- [TASK PROMPT]
Go through the listing below and repeat it exactly, dropping the pictures.

- [MATERIAL PROVIDED]
[Start of Attachment]
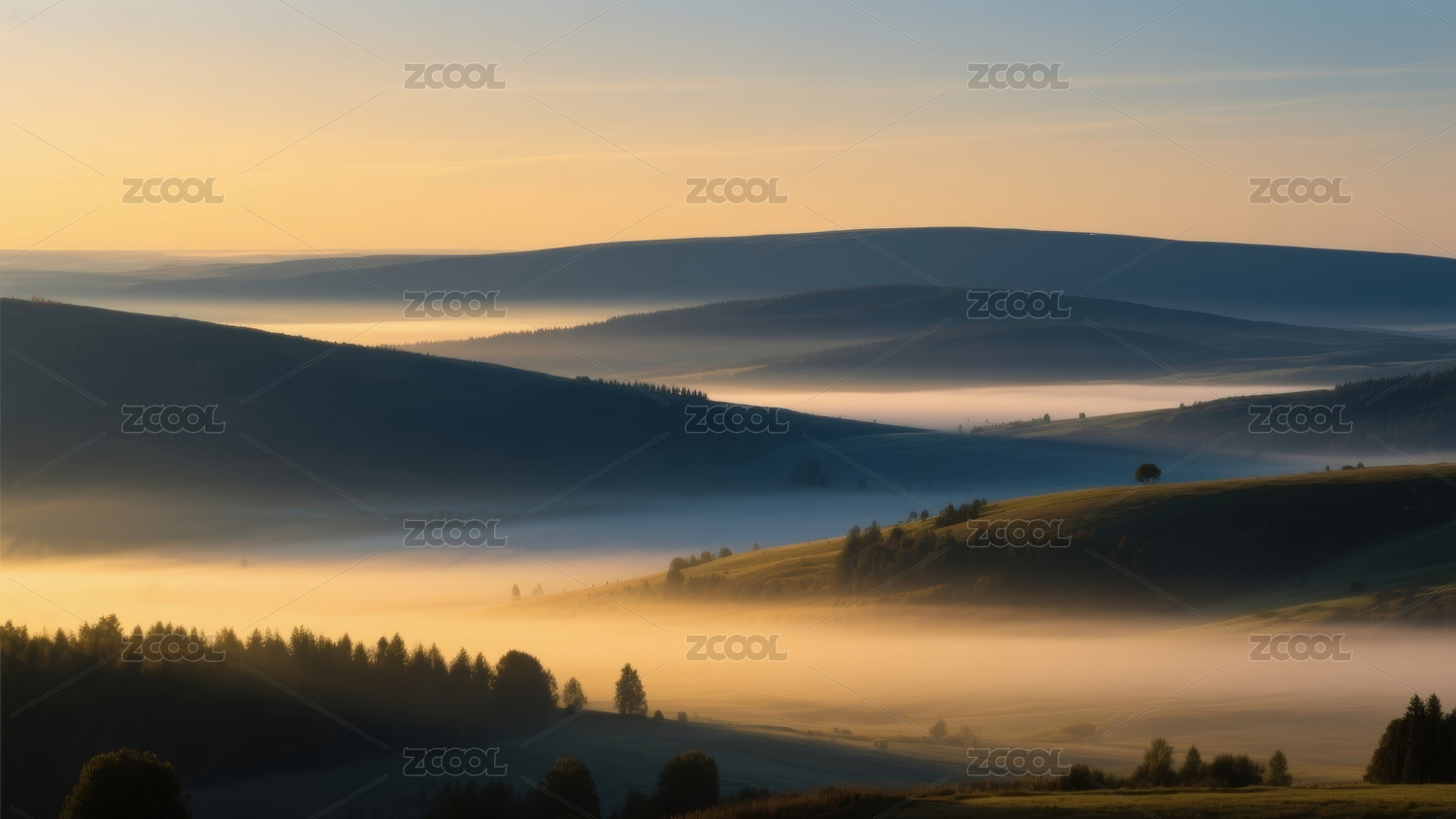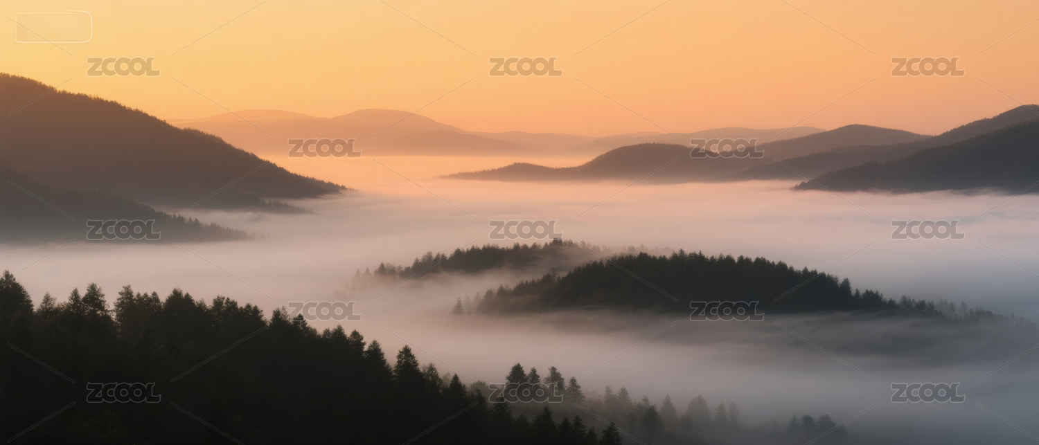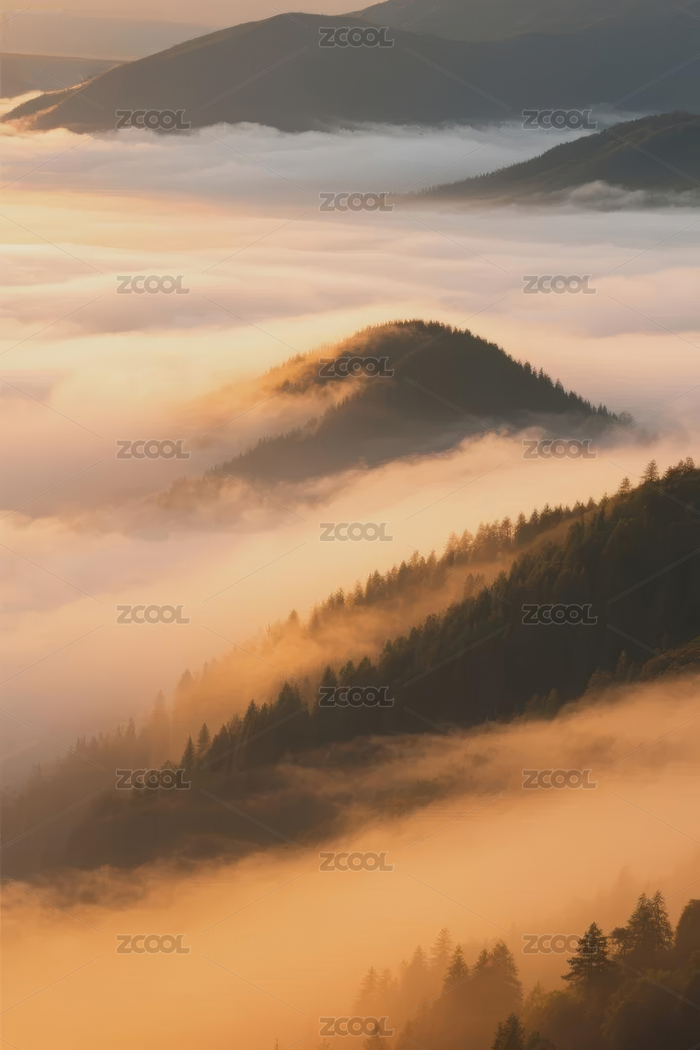 云海,山峦,日出,雾气,山峰,森林,自然风光,唯美,宁静,壮丽
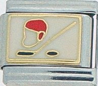 Sports Lovers! This Hockey Italian charm is handcrafted of 18K gold, enamel and stainless steel and is compatible with such popular manufactures such as Zoppini Firenze, Boxing, UnoDomani, Talexia, Carisma and Puzzle, as well as licensed charms from Casa D'Oro and ReFlorence which includes SpongeBob, Walt Disney, Charlie Brown and Snoopy. This is a medium charm that fits the medium size Italian Charm Bracelet. Look for many more Italian sports charm in our sports section. We also have Pro Sport charms for baseball, hockey, football, basketball and college teams such as Boston Red Sox, New York Yankees, etc. that fit this Italian Composable bracelet.
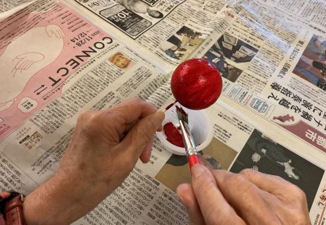 ご利用者が丁寧に芋の蔓で形を作り、発砲スチロールの大小様々な球体に色を付けて、可愛い飾りを作って下さいました。
[End of Attachment]
- [YOUR SOLUTION]
 云海,山峦,日出,雾气,山峰,森林,自然风光,唯美,宁静,壮丽
 Sports Lovers! This Hockey Italian charm is handcrafted of 18K gold, enamel and stainless steel and is compatible with such popular manufactures such as Zoppini Firenze, Boxing, UnoDomani, Talexia, Carisma and Puzzle, as well as licensed charms from Casa D'Oro and ReFlorence which includes SpongeBob, Walt Disney, Charlie Brown and Snoopy. This is a medium charm that fits the medium size Italian Charm Bracelet. Look for many more Italian sports charm in our sports section. We also have Pro Sport charms for baseball, hockey, football, basketball and college teams such as Boston Red Sox, New York Yankees, etc. that fit this Italian Composable bracelet.
 ご利用者が丁寧に芋の蔓で形を作り、発砲スチロールの大小様々な球体に色を付けて、可愛い飾りを作って下さいました。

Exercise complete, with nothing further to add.